Directions for this task: Would you please retype, exactly, the lines of the listing below between the line with "Grazie alle auto" and the line with "اعلن مركز القبول", inclusive?

Given data:
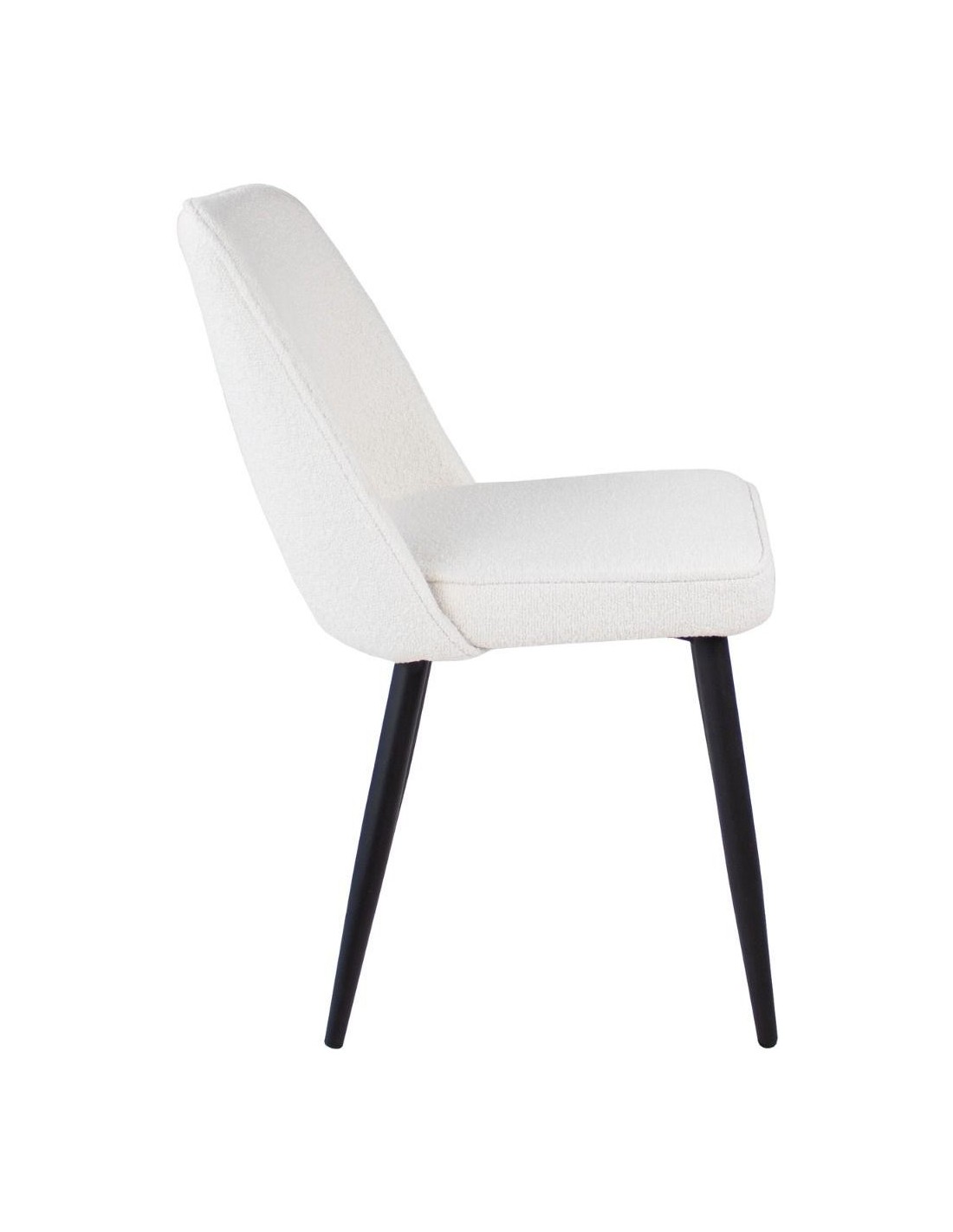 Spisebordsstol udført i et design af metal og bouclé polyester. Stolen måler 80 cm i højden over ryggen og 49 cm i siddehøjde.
==
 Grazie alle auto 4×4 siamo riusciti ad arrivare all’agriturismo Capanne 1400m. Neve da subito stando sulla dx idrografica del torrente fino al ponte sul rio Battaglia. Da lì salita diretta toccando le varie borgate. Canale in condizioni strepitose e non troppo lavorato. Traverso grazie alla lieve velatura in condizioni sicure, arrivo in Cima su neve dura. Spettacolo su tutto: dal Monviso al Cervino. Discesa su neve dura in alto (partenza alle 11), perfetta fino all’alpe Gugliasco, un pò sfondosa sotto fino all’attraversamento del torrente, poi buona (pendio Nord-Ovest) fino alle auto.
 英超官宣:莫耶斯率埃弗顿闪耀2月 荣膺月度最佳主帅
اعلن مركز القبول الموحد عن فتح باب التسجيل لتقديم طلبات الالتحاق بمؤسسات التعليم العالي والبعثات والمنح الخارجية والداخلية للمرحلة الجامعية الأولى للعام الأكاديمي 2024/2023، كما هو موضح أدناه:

Answer space:
 Grazie alle auto 4×4 siamo riusciti ad arrivare all’agriturismo Capanne 1400m. Neve da subito stando sulla dx idrografica del torrente fino al ponte sul rio Battaglia. Da lì salita diretta toccando le varie borgate. Canale in condizioni strepitose e non troppo lavorato. Traverso grazie alla lieve velatura in condizioni sicure, arrivo in Cima su neve dura. Spettacolo su tutto: dal Monviso al Cervino. Discesa su neve dura in alto (partenza alle 11), perfetta fino all’alpe Gugliasco, un pò sfondosa sotto fino all’attraversamento del torrente, poi buona (pendio Nord-Ovest) fino alle auto.
 英超官宣:莫耶斯率埃弗顿闪耀2月 荣膺月度最佳主帅
اعلن مركز القبول الموحد عن فتح باب التسجيل لتقديم طلبات الالتحاق بمؤسسات التعليم العالي والبعثات والمنح الخارجية والداخلية للمرحلة الجامعية الأولى للعام الأكاديمي 2024/2023، كما هو موضح أدناه:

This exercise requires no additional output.